About this exercise. Output every entry exactly as written, but omit the pictures.
-- The input follows --
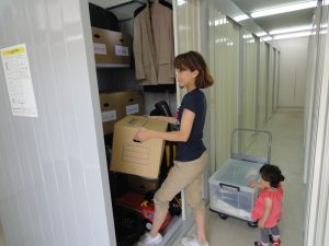 サイズはお客様の用途に合わせてお選びいただけます。0.5帖ロッカータイプは押入れ半舷分程度で、みかん箱が6~8箱くらい入るサイズです。自動換気を行っており、全室収納棚が付属しているのでクローゼットや押入れ感覚で、お洋服、季節家電、レジャー用品等の保管に最適です。
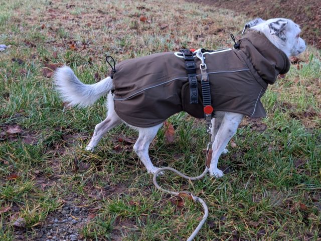 Hier der McTocs Glenndarcy Razzle Dazzle in Gr. 2. Passt perfekt, sogar mit unserem Feltmann-Geschirr darunter
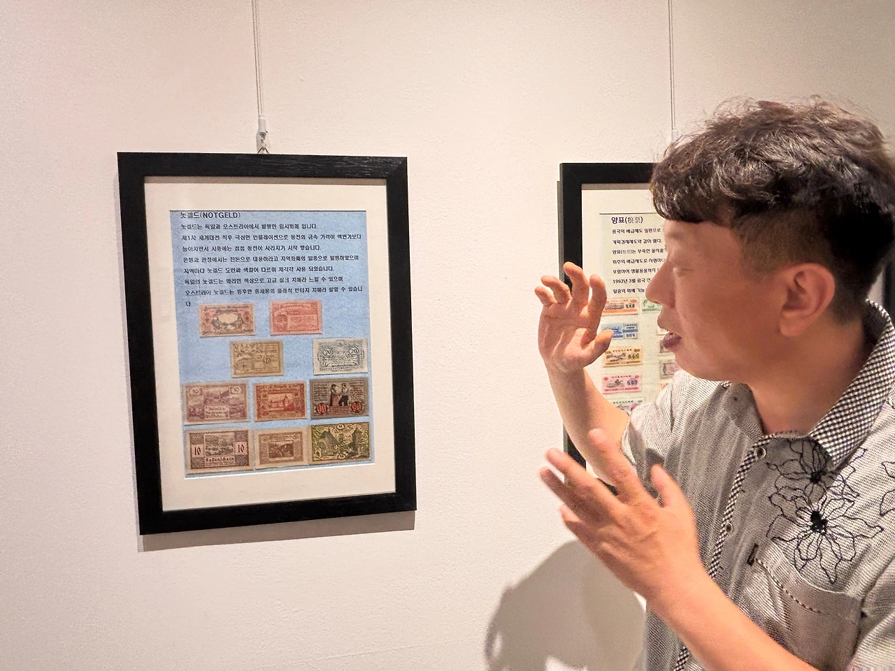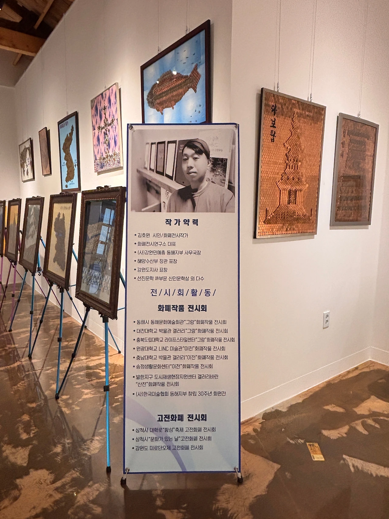 2일, 평소 친절하기로 소문난 시인이 주관하는 화폐작품전시장을 방문했다. 장소는 도시재생으로 근대산업시설을 문화재생한 묵호 갤러리 ‘바란‘이다. 아쉽게도 전시 마지막날이다. 관람객들은 화폐가 사람을 만나 문화가 되는 과정을 온몸으로 실감하게 된다. 김호원 작가가 지난 40년간 수집한 화폐작품전시회다. 이 전시는 동전과 지폐의 물성은 물론 화폐에 깃든 인간 존재의 본질적 물음을 던진다.
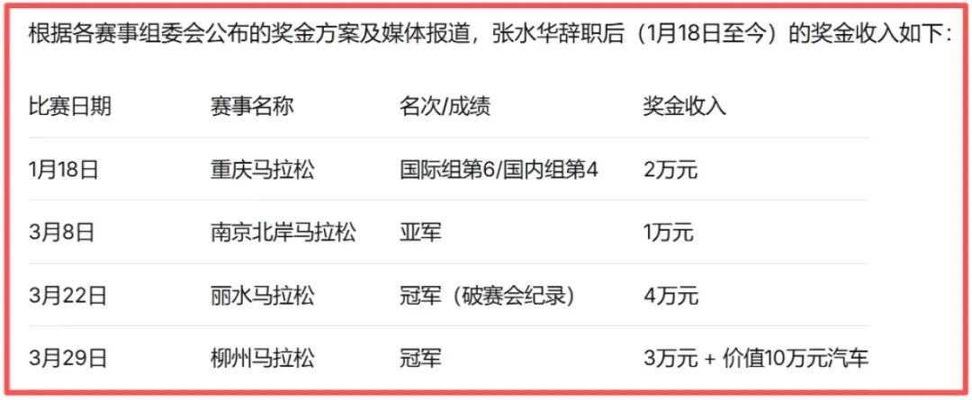 3月22日,丽水马拉松。这是张水华辞职后的首个冠军,她跑出2小时35分49秒,不仅夺得女子组冠军,还打破了赛会纪录。收获4万元奖金(1万冠军奖+3万破纪录奖)。
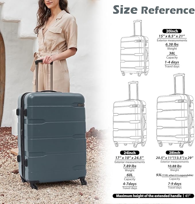 - Three different size: Size: 20inch (21 x 8.5 x 15), 24inch (17 x 10 x 24.5) 28inch (20.5 x 11x 29), Please note that ONLY 28in is Expandable, adding 15%to the scalable space.
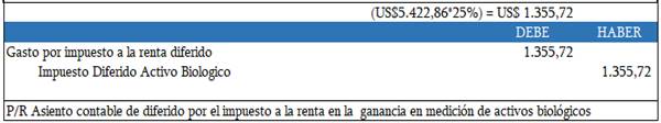 Figura 7. Asiento contable del impuesto diferido por la tasa impositiva de las ganancias en medición de activo biológico
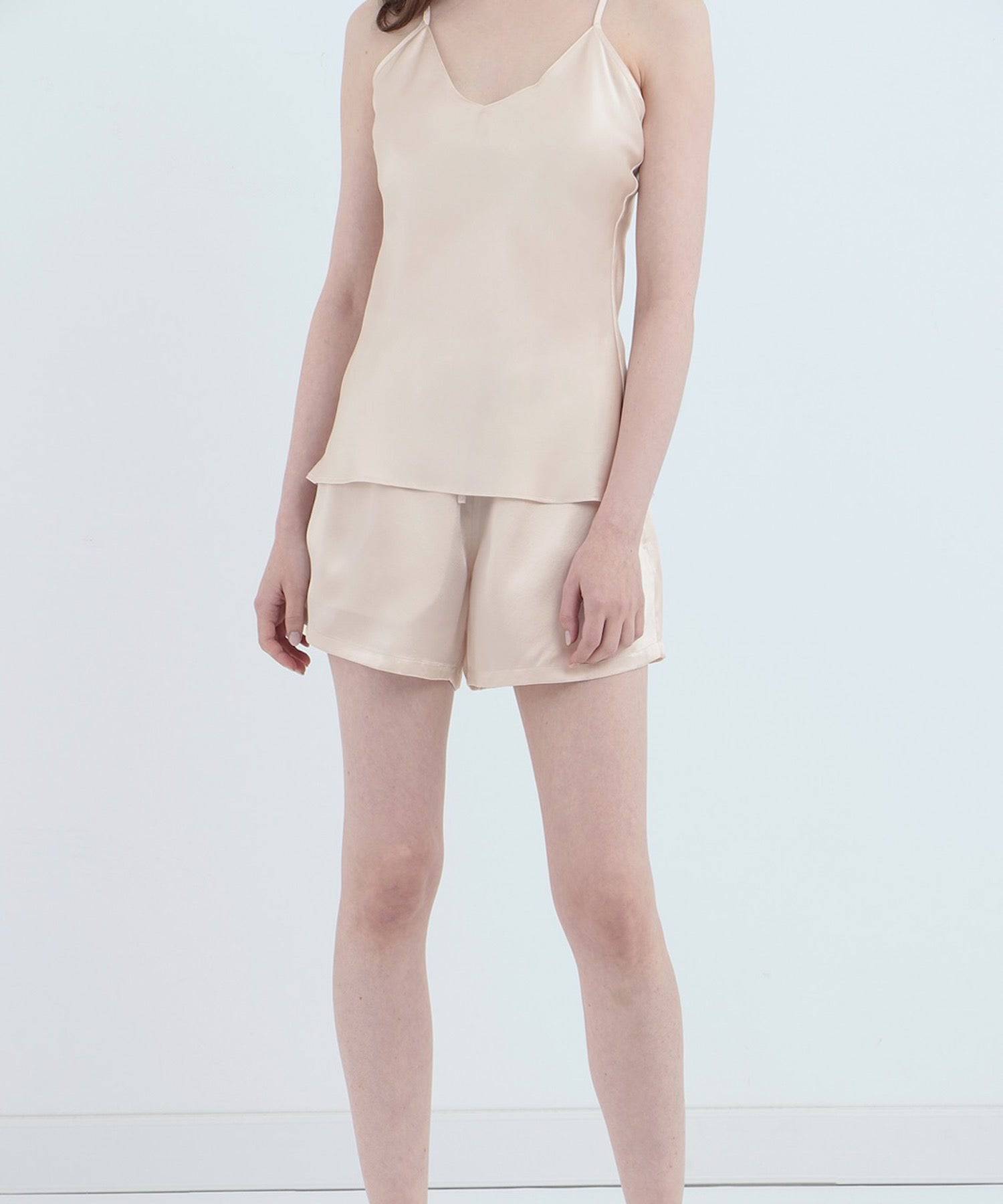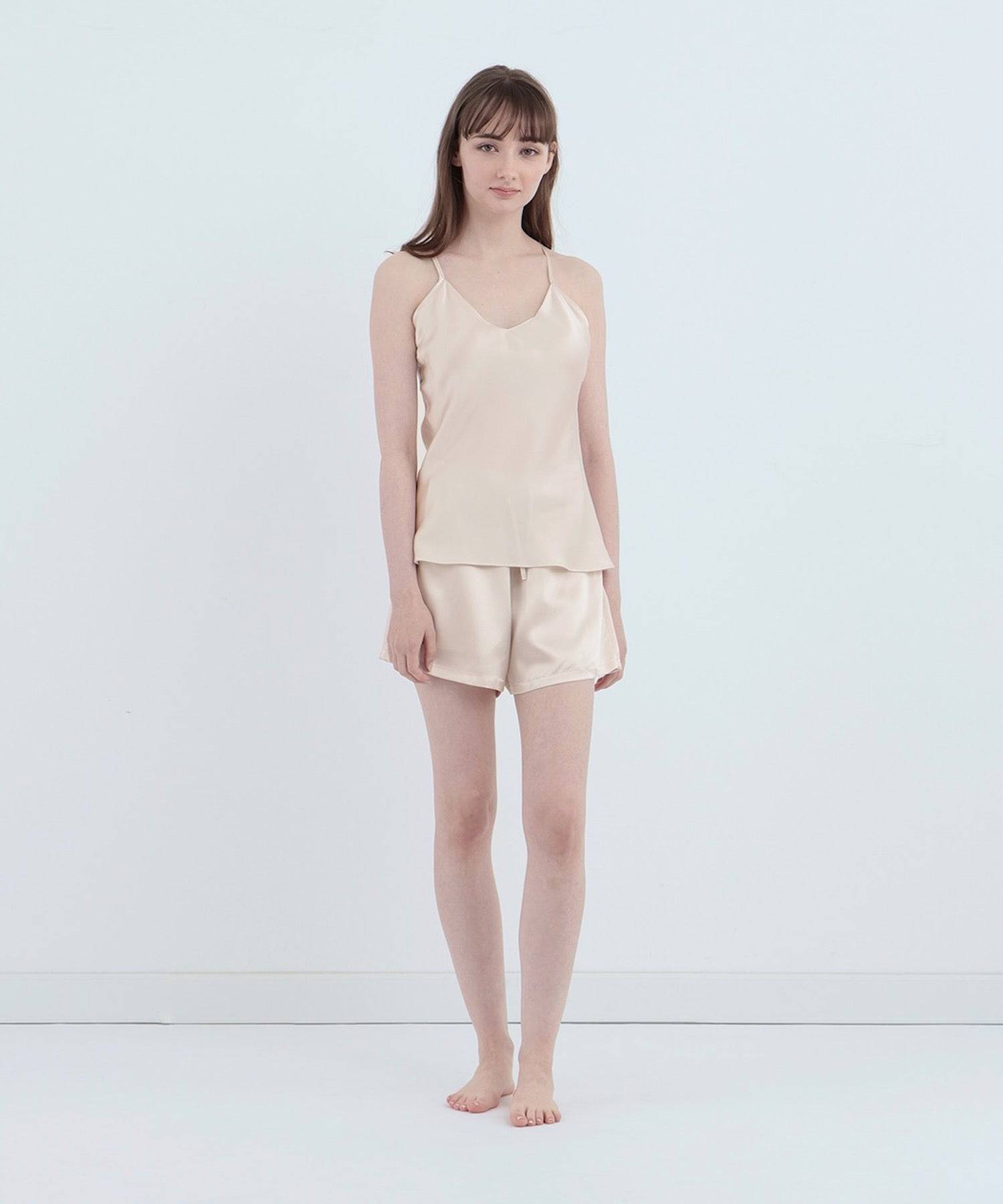 大口注文・法人のお問い合わせはこちらFoo Tokyoの定番シルク生地を使ったキャミソールとショートパンツのセットです。 世界でも指折りの繊細な“染め”技術を持つ日本。その中でも選び抜かれた国内工場で、Foo Tokyoのシルクキャミソールとショートパンツは1枚1枚丁寧に染め上げられております。
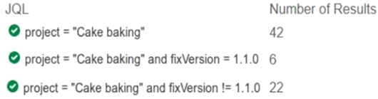 Tom has asked you why the numbers returned by his searches are not right. He shows you three JQL queries:
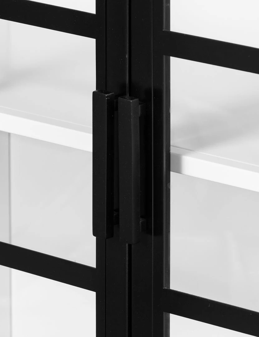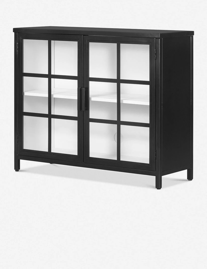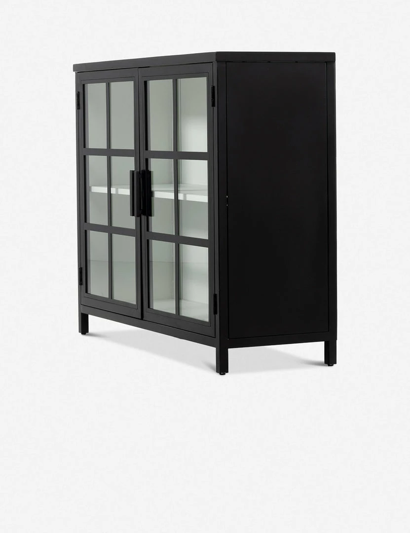Vintage European design offers timeless style. Windowpane glass doors and a sleek black finish make this small curio cabinet a unique storage solution for home offices and small-space dining rooms.
-- The input concluded --
Result of the exercise.
 サイズはお客様の用途に合わせてお選びいただけます。0.5帖ロッカータイプは押入れ半舷分程度で、みかん箱が6~8箱くらい入るサイズです。自動換気を行っており、全室収納棚が付属しているのでクローゼットや押入れ感覚で、お洋服、季節家電、レジャー用品等の保管に最適です。
 Hier der McTocs Glenndarcy Razzle Dazzle in Gr. 2. Passt perfekt, sogar mit unserem Feltmann-Geschirr darunter
 2일, 평소 친절하기로 소문난 시인이 주관하는 화폐작품전시장을 방문했다. 장소는 도시재생으로 근대산업시설을 문화재생한 묵호 갤러리 ‘바란‘이다. 아쉽게도 전시 마지막날이다. 관람객들은 화폐가 사람을 만나 문화가 되는 과정을 온몸으로 실감하게 된다. 김호원 작가가 지난 40년간 수집한 화폐작품전시회다. 이 전시는 동전과 지폐의 물성은 물론 화폐에 깃든 인간 존재의 본질적 물음을 던진다.
 3月22日,丽水马拉松。这是张水华辞职后的首个冠军,她跑出2小时35分49秒,不仅夺得女子组冠军,还打破了赛会纪录。收获4万元奖金(1万冠军奖+3万破纪录奖)。
 - Three different size: Size: 20inch (21 x 8.5 x 15), 24inch (17 x 10 x 24.5) 28inch (20.5 x 11x 29), Please note that ONLY 28in is Expandable, adding 15%to the scalable space.
 Figura 7. Asiento contable del impuesto diferido por la tasa impositiva de las ganancias en medición de activo biológico
 大口注文・法人のお問い合わせはこちらFoo Tokyoの定番シルク生地を使ったキャミソールとショートパンツのセットです。 世界でも指折りの繊細な“染め”技術を持つ日本。その中でも選び抜かれた国内工場で、Foo Tokyoのシルクキャミソールとショートパンツは1枚1枚丁寧に染め上げられております。
 Tom has asked you why the numbers returned by his searches are not right. He shows you three JQL queries:
Vintage European design offers timeless style. Windowpane glass doors and a sleek black finish make this small curio cabinet a unique storage solution for home offices and small-space dining rooms.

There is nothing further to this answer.